Start of Block

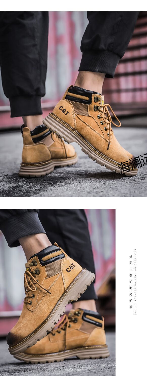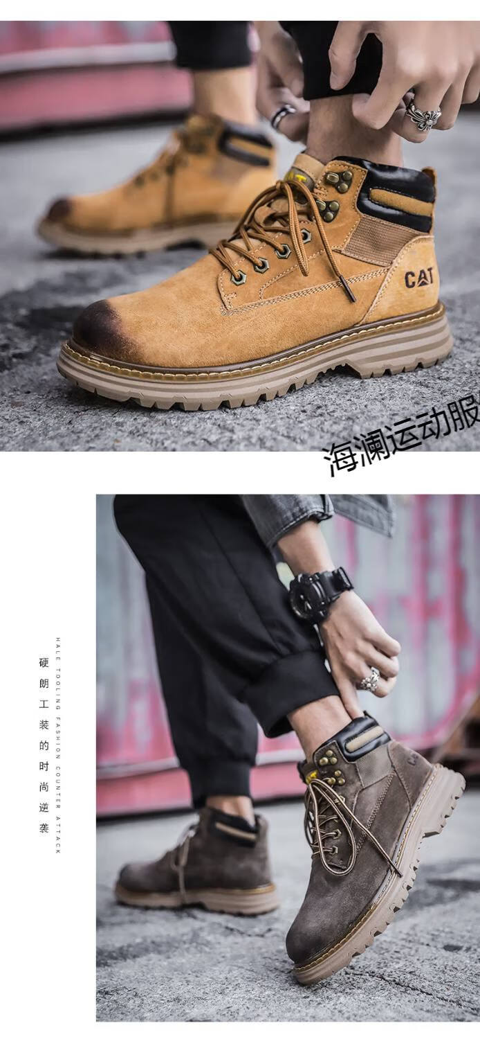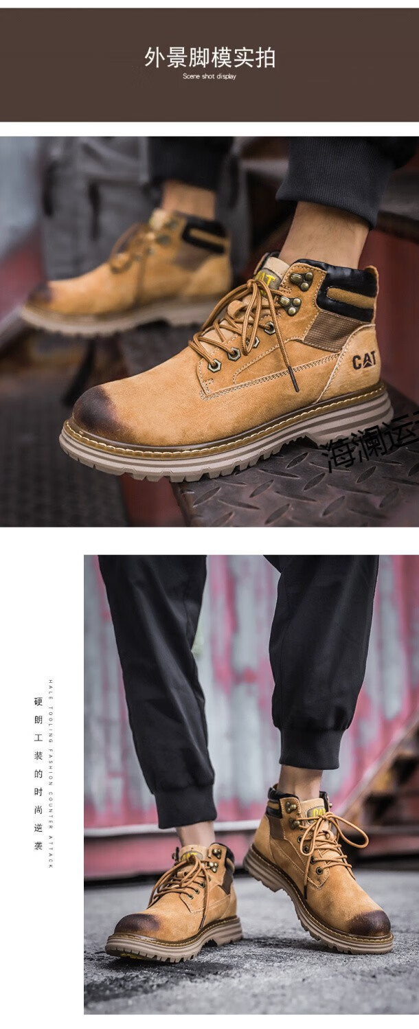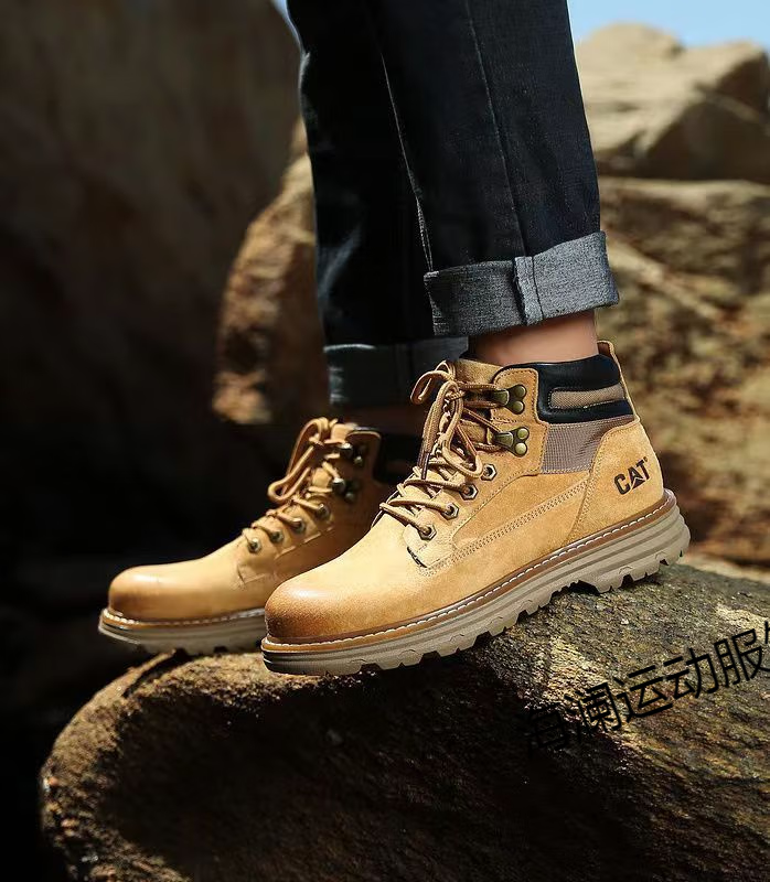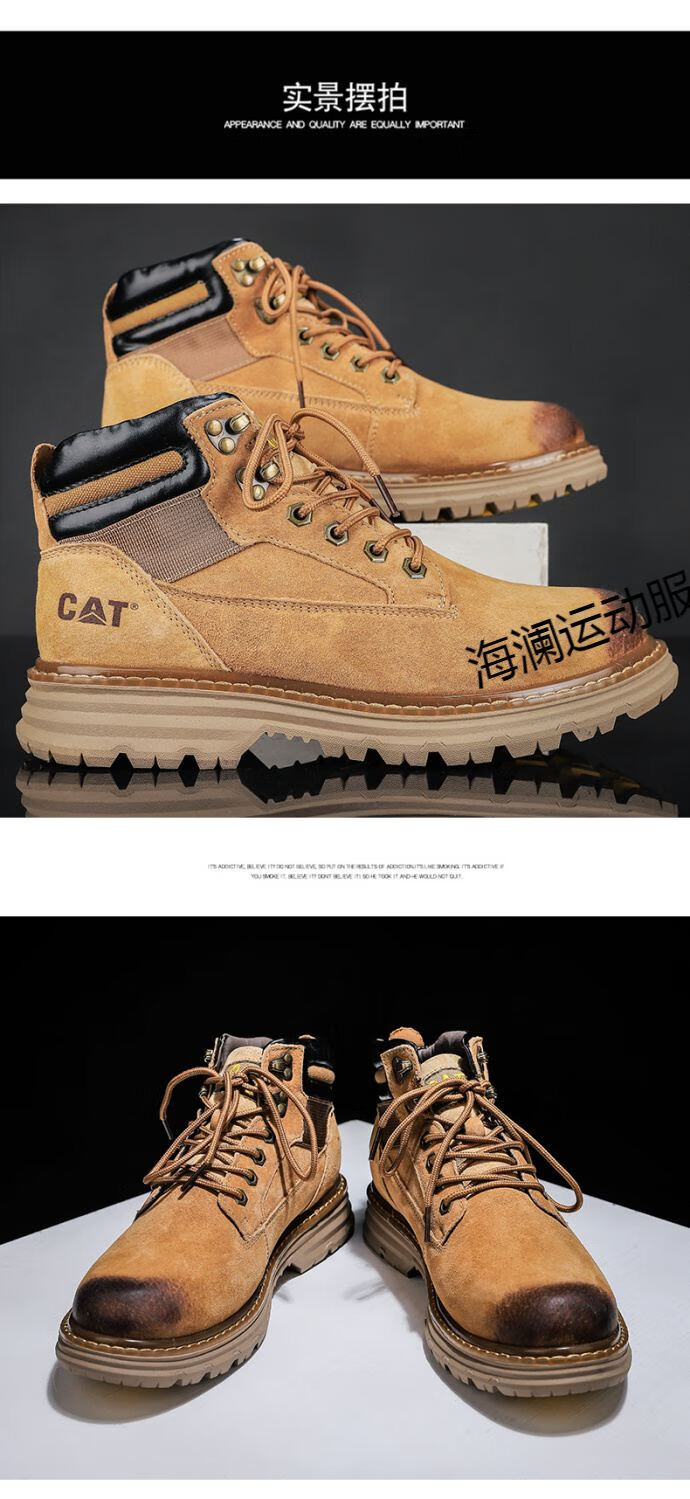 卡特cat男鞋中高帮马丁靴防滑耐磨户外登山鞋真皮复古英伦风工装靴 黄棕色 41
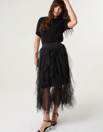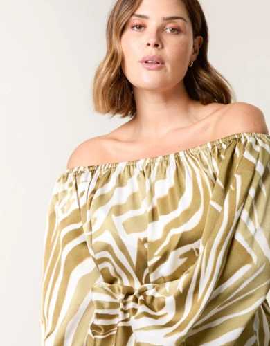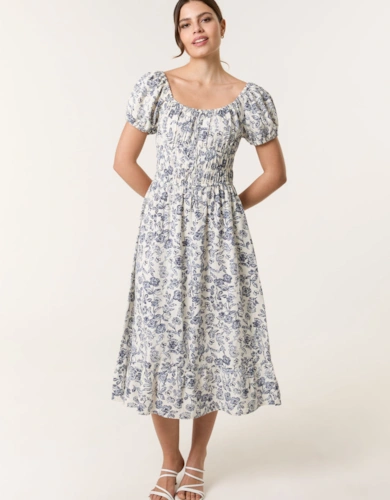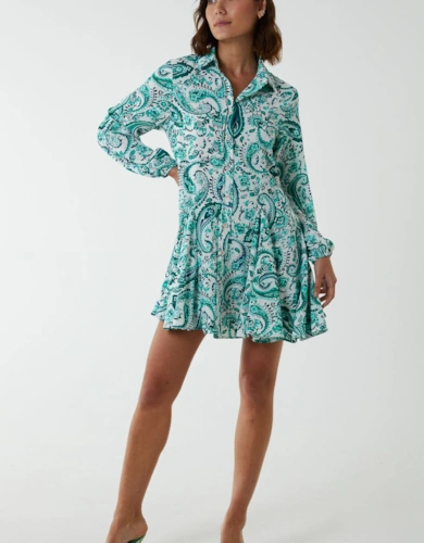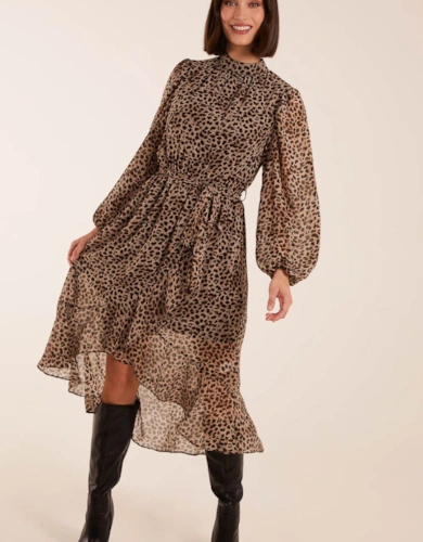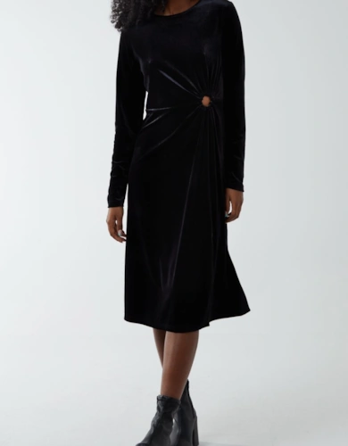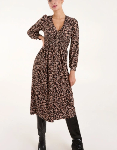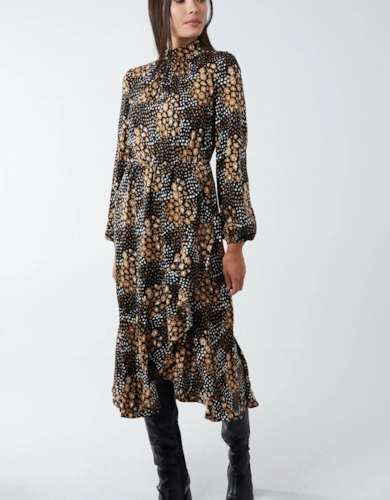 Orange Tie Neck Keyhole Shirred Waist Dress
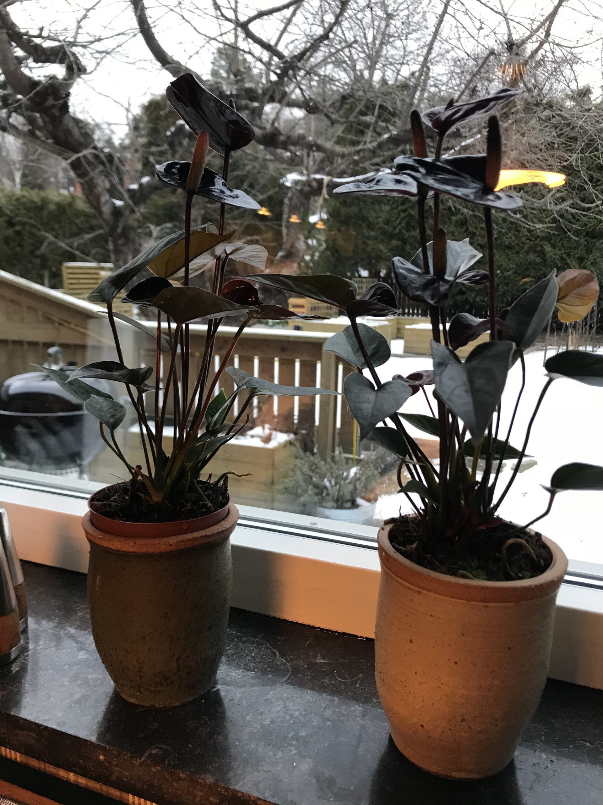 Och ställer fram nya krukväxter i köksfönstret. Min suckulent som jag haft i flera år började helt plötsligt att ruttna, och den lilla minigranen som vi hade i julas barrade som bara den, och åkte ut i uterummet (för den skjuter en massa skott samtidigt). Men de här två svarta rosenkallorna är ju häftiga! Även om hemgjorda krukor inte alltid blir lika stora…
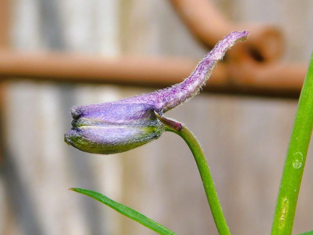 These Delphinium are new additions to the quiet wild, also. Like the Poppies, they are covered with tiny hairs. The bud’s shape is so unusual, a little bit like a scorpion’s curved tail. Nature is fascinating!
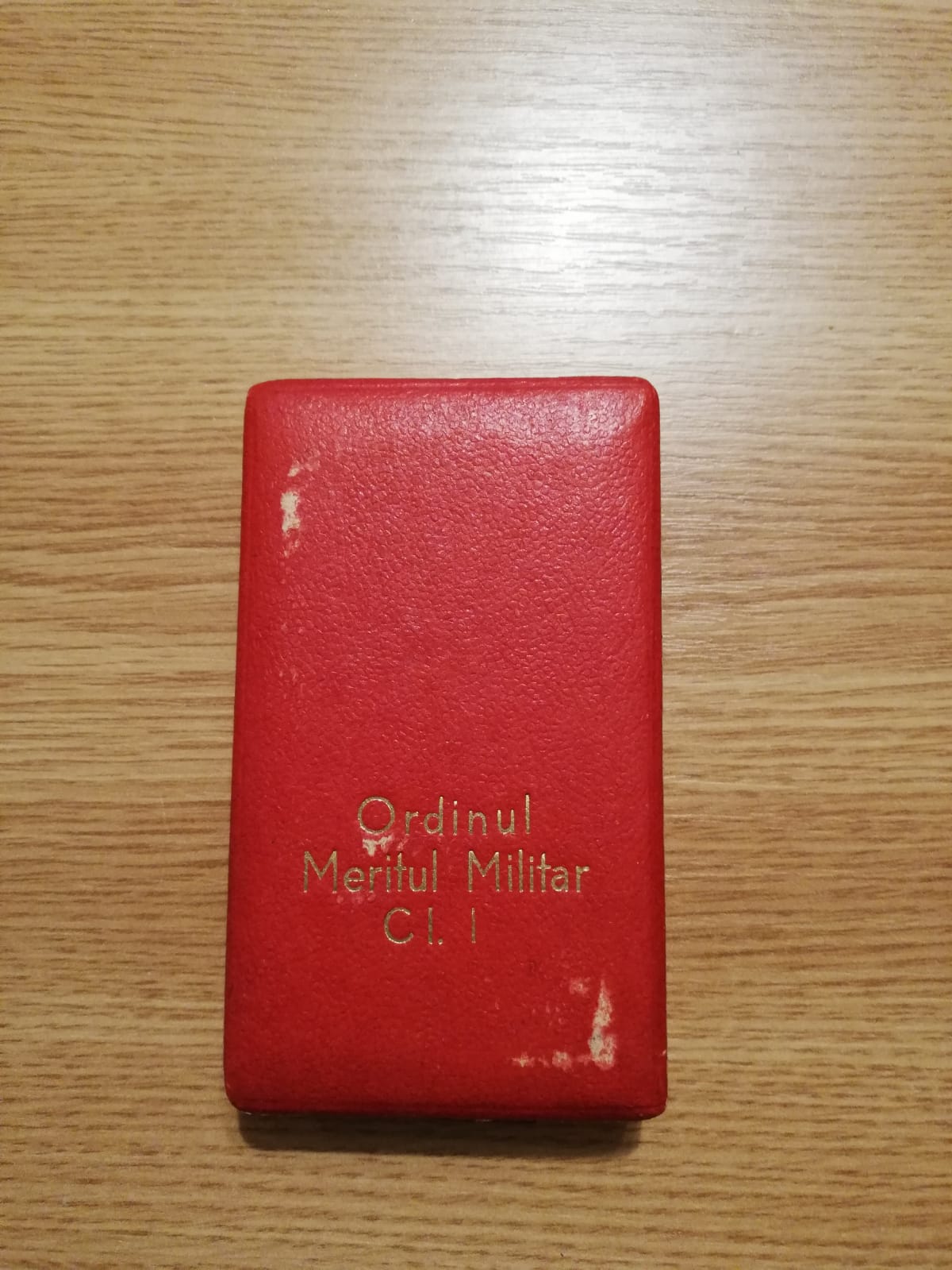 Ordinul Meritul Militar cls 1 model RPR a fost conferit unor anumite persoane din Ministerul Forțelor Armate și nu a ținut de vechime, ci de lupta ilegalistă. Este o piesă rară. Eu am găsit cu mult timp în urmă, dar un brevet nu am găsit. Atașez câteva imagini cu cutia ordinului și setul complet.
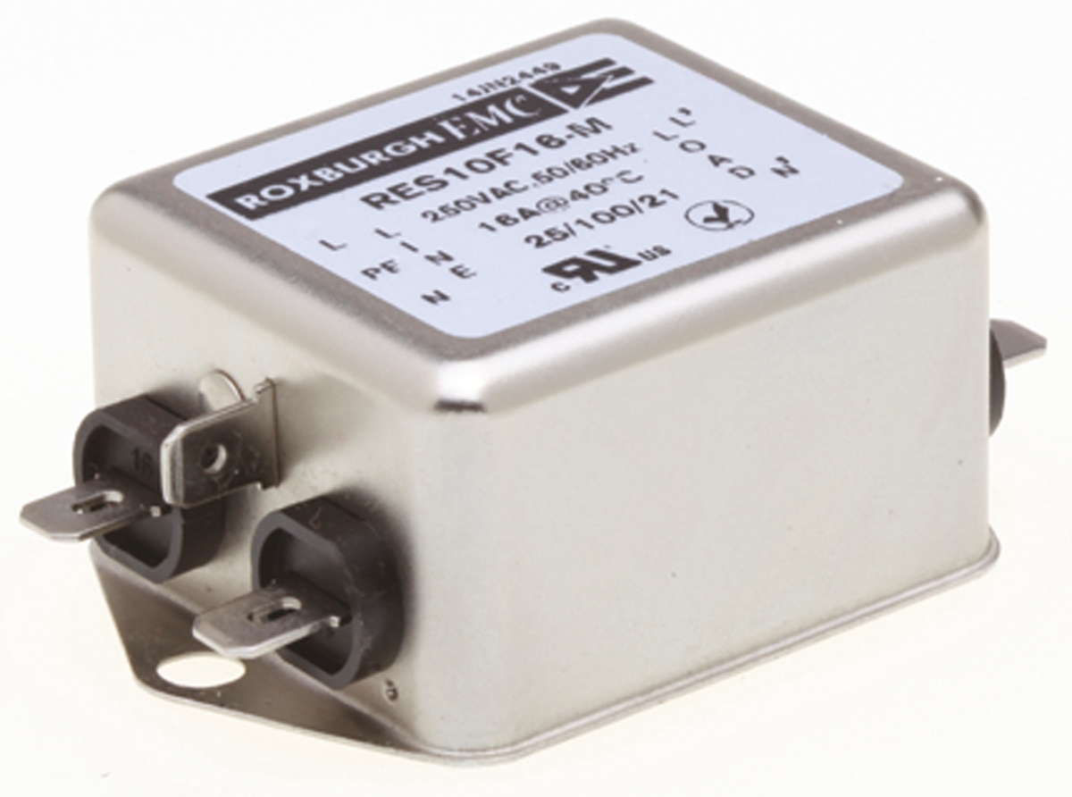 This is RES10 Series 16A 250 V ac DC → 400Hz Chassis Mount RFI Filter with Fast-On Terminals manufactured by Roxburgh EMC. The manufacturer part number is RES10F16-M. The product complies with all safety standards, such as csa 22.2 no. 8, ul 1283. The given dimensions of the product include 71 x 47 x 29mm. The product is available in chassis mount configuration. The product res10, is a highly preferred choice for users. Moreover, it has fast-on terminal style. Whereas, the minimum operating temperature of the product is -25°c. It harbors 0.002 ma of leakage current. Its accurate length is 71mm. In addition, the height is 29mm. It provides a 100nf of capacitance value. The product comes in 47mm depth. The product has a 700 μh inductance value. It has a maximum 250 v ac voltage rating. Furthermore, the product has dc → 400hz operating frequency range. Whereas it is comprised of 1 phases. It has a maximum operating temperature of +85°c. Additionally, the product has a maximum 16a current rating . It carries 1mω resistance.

End of Block

*Work instructions:*
Above are the records; restate exactly the lines from the one containing "These Delphinium are" through the one containing "Ordinul Meritul Militar", keeping pictures out.

*Exercise output:*
 These Delphinium are new additions to the quiet wild, also. Like the Poppies, they are covered with tiny hairs. The bud’s shape is so unusual, a little bit like a scorpion’s curved tail. Nature is fascinating!
 Ordinul Meritul Militar cls 1 model RPR a fost conferit unor anumite persoane din Ministerul Forțelor Armate și nu a ținut de vechime, ci de lupta ilegalistă. Este o piesă rară. Eu am găsit cu mult timp în urmă, dar un brevet nu am găsit. Atașez câteva imagini cu cutia ordinului și setul complet.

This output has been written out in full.